AUTHOR=Scindia Yogesh , Wlazlo Ewa , Leeds Joseph , Loi Valentina , Ledesma Jonathan , Cechova Sylvia , Ghias Elizabeth , Swaminathan Sundararaman 

TITLE=Protective Role of Hepcidin in Polymicrobial Sepsis and Acute Kidney Injury

JOURNAL=Frontiers in Pharmacology

VOLUME=Volume 10 - 2019

YEAR=2019

URL=https://www.frontiersin.org/journals/pharmacology/articles/10.3389/fphar.2019.00615

DOI=10.3389/fphar.2019.00615

ISSN=1663-9812

ABSTRACT=Background: Acute kidney injury (AKI) portends worse prognosis following sepsis, with limited available interventions. Host iron acquisition by pathogens and systemic inflammatory response are key events in the pathogenesis of sepsis. Sepsis induces hepcidin-dependent iron sequestration to limit iron availability to pathogens. Hepcidin also limits inflammation. However, its role in pathophysiology of sepsis-associated AKI is unknown. We investigated role of exogenous hepcidin in endotoxin- and peritonitis-induced pathology and AKI. 

Methods: C57BL/6 mice were treated with saline or 50-100 μg of hepcidin, pre and post LPS injection or Cecal ligation and puncture (CLP, model of peritonitis). Splenectomized mice (SPLX) were challenged with LPS, with and without Hepcidin. Mice were euthanized at 24 hrs after LPS injection and at different time points after CLP. Systemic inflammation and renal injury markers were assessed. Direct effect of Hepcidin on renal tubular and endothelial cells was evaluated using endotoxin-induced cytotoxic serum. Its effect on LPS stimulated macrophages and role of H-ferritin was evaluated using siRNA to H-ferritin.
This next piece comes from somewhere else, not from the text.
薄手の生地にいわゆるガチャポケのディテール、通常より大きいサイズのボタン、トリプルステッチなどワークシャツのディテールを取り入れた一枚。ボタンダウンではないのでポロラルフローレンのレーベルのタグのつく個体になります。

Results: Twenty-four hrs pretreatment with hepcidin significantly reduced LPS-induced AKI (plasma creatinine, renal NGAL and KIM-1). Hepcidin reduced LPS-induced serum TNF, renal Cox-2, loss in PGC1 and enzymatic activity of cytochrome c oxidase and was associated with reduced glomerular injury and preserved mitochondria. Hepcidin did not directly protect the renal parenchymal cells but reduced endotoxin-induced serum cytotoxicity to mitigate renal injury. SPLX reduced LPS-induced early inflammation and AKI, independent of hepcidin, indicating that regulation of early systemic inflammation may be more important than local events. Higher splenic H-ferritin in hepcidin treated animals was associated with reduced splenocytes apoptosis, and inflammation. Hepcidin treated, H-ferritin-deficient macrophages were less effective in reducing LPS-induced IL-6. Hepcidin significantly reduced CLP-induced AKI, and mortality (20% Hepcidin treated vs 80% PBS treated). Importantly hepcidin reduced bacteremia and AKI even when administered after onset of sepsis. 
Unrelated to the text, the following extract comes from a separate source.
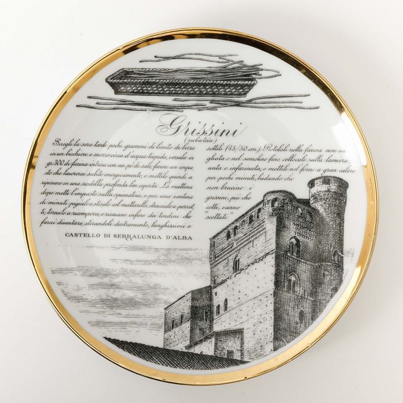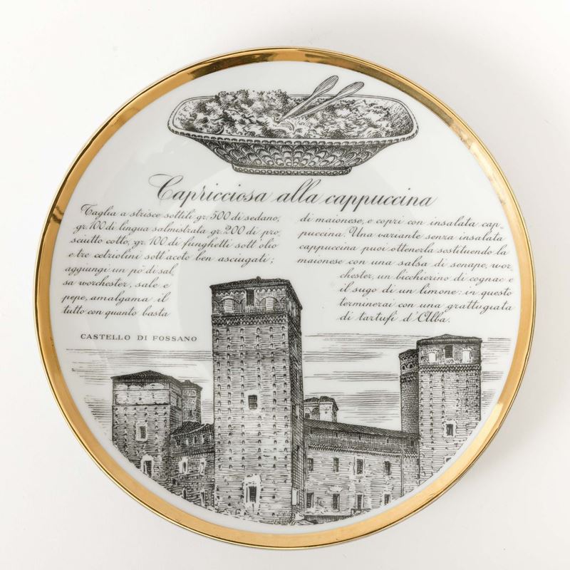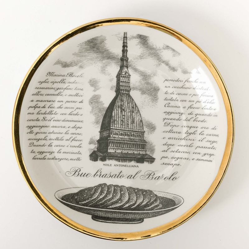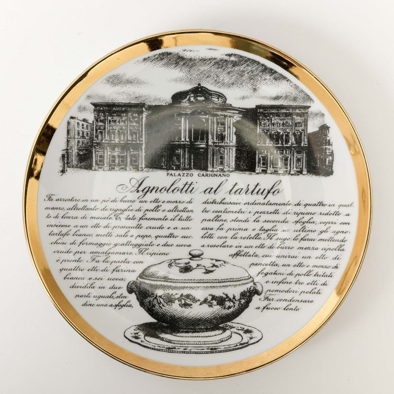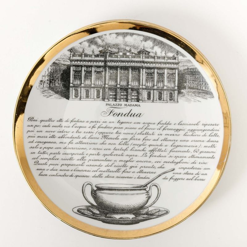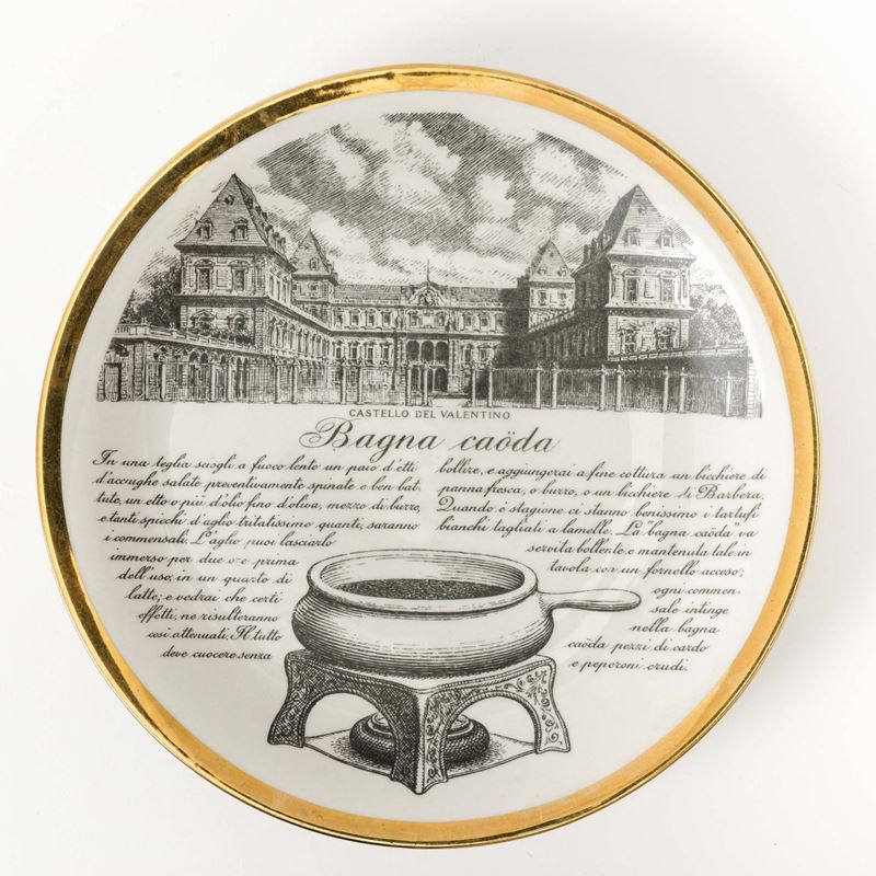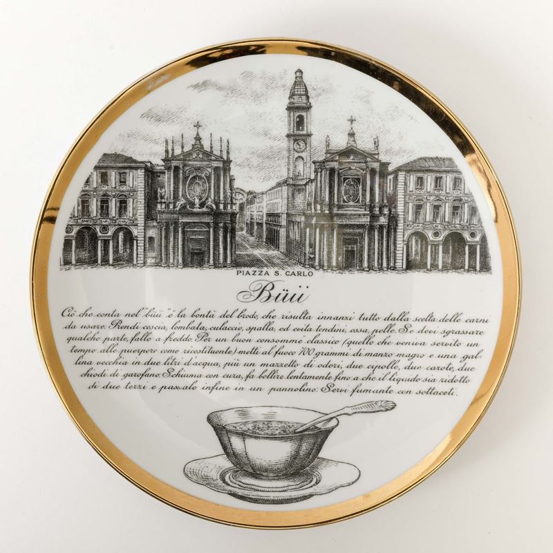Lotto di dodici piatti con ricette gastronomiche serie Specialità Torinesi in porcellana con decoro serigrafato e bordo in oro.

Conclusion: We demonstrate a protective role of hepcidin in endotoxin- and peritonitis-induced pathologies and AKI, exerted through anti-inflammatory effects, and antibacterial property. Macrophage H-ferritin plays an important role in hepcidin-mediated protection against endotoxin-induced inflammation. We uncover a novel prophylactic and therapeutic role of hepcidin in sepsis-associated bacteremia, AKI and mortality.